Me faltarían las fotos junto al busto de Martí en la escuelita primaria, el recuerdo de los padres atando pañoletas al cuello de sus pequeños hijos, el barullo del barrio en las Olimpiadas de 1972 después del nocaut fulminante de Teófilo Stevenson sobre la mandíbula prominente y cuadrada del yanqui Duanne Bobbick, al que apodaban «La Esperanza Blanca» y que, esperanza al fin, pues se la comió el chivo, aun cuando no era verde.
Si yo no fuera cubano, habría ignorado la alegría colectiva que se teje alrededor de una olla grande repleta de caldosa en plena calle. No conocería el ruido estrepitoso del dominó debajo de una mata de almendras, ni tendría recuerdos del Buey Cansao de los Van Van, de la Nueva Trova, de Palmas y cañas o hasta del parte meteorológico del doctor José Rubiera, conocido en mi pueblo como el Cazador de Huracanes.
Si yo no fuera cubano no habría aplaudido a Fidel cada vez que les sonaba el carapacho a los personajes del Norte, ni me hubiera estrenado nunca una guayabera y es probable que no supiera nada de pelota, quedándome fuera del alboroto de la gente cuando Antonio Muñoz reventaba la bola y Bobby Salamanca gritaba a todo pulmón: «adiós, Lolita de mi vida».No conocería el congrí, ni el puerco asado en púa.
Si yo no fuera cubano podría levantarme temprano y no tomar café, hablaría siempre bajito, no haría bromas en los lugares más insospechados, no entablaría conversaciones improvisadas con cualquier desconocido en la parada de la guagua, no les pediría sal a los vecinos, no donaría sangre de forma voluntaria, sabría un poco menos de solidaridad, no me iría de gratis a los hospitales, no tendría hijos protegidos por vacunas gratuitas, no les prestaría atención a la Virgen de la Caridad, a las estampillas de San Lázaro o a las ofrendas dejadas en los troncos de las ceibas.

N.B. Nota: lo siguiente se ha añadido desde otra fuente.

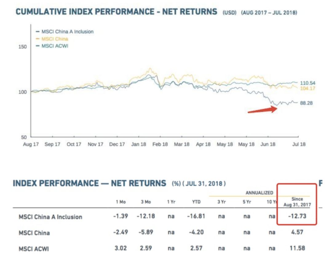截至今日(8月15日)收盘,上证指数今年以来跌幅-17.66%,深证成指跌幅-22.28%,沪深300跌幅-18.33%……MSCI官网也披露了数据,截至7月31日,反映纳入MSCI新兴市场指数的226只A股表现的MSCI ChinaA Inclusion指数自2017年8月份以来至今,下跌了12.73%。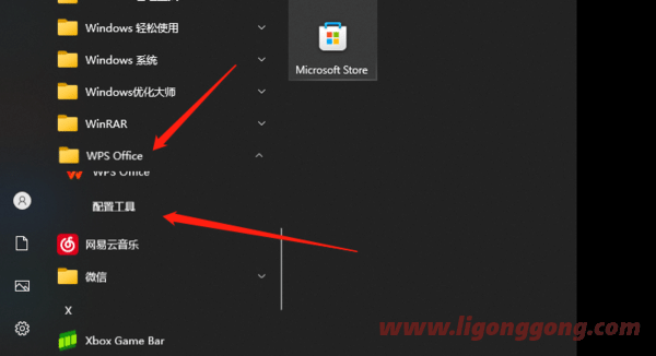 大家首先点击桌面的【开始】,在如图位置找到【WPS office】的文件夹,点击后找到【配置工具】;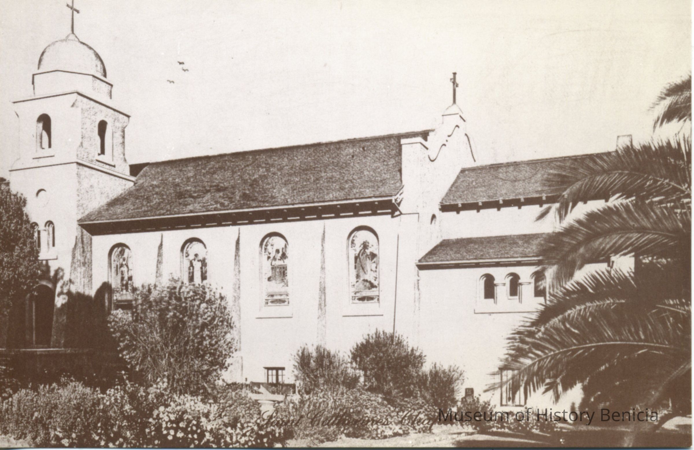 Saint Catherine's Chapel with stained glass windows and bell tower. All surrounded by shrubs and trees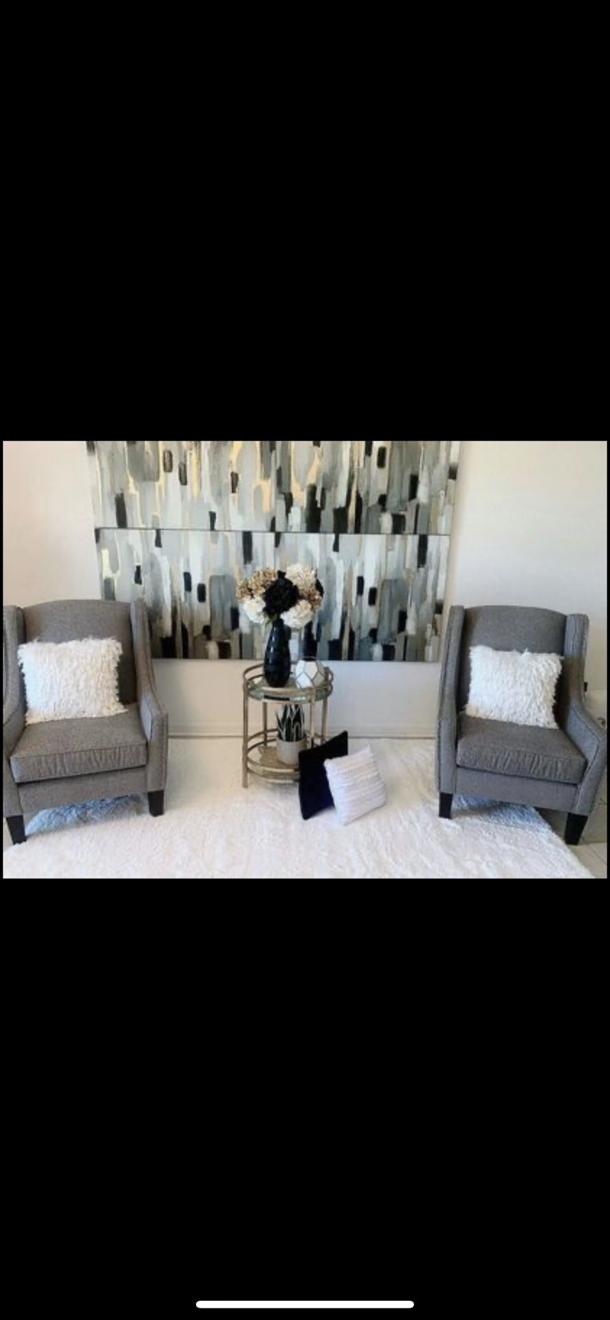 Wing back chairs new $500 each or $700 for both Crystal lighting $150 each or two for $200 Oval crystal lighting $200 Wall painting $80 Silver vase with flowers $40 Silver Mirror Vase $35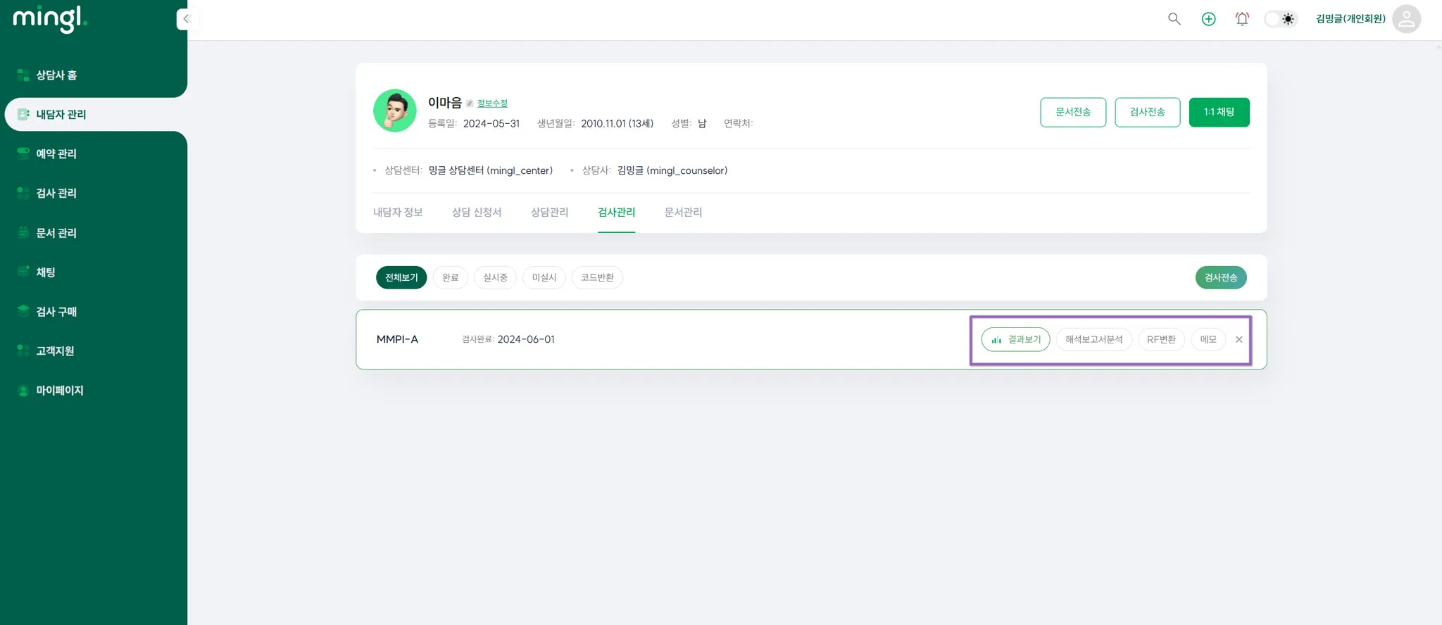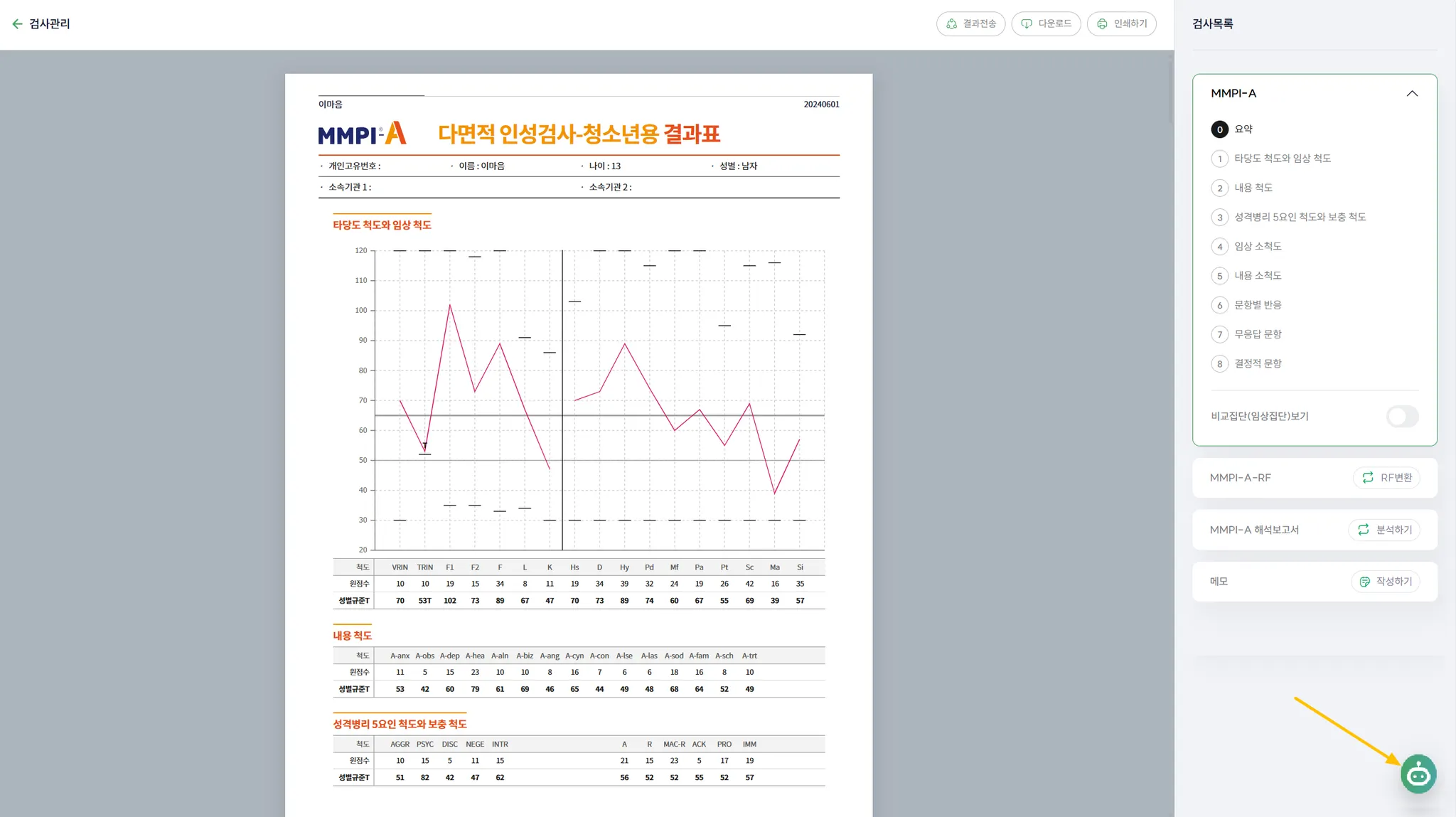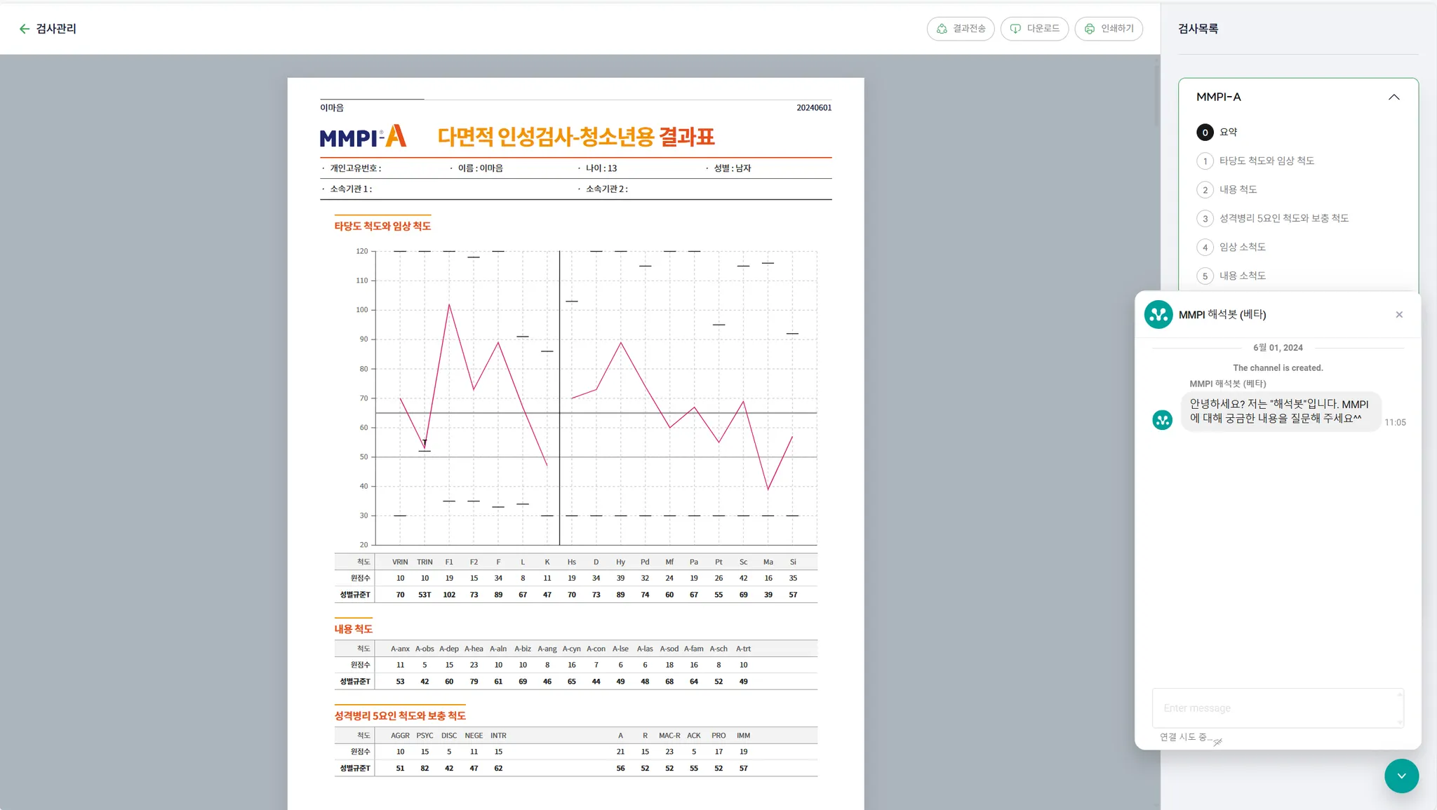 *MMPI, TCI 해석봇 이용이 가능해요.

Si yo no fuera cubano ignoraría la dicha de hacer una Constitución y tener el derecho de votar por ella; y sobre todo, que un pueblo bueno puede más que un destructor tornado.
Si yo no fuera cubano nunca habría aprendido que se puede vivir con menos, pero con más orgullo; que te pueden bloquear cualquier cosa menos la sonrisa y las ganas de vivir sin tener precio.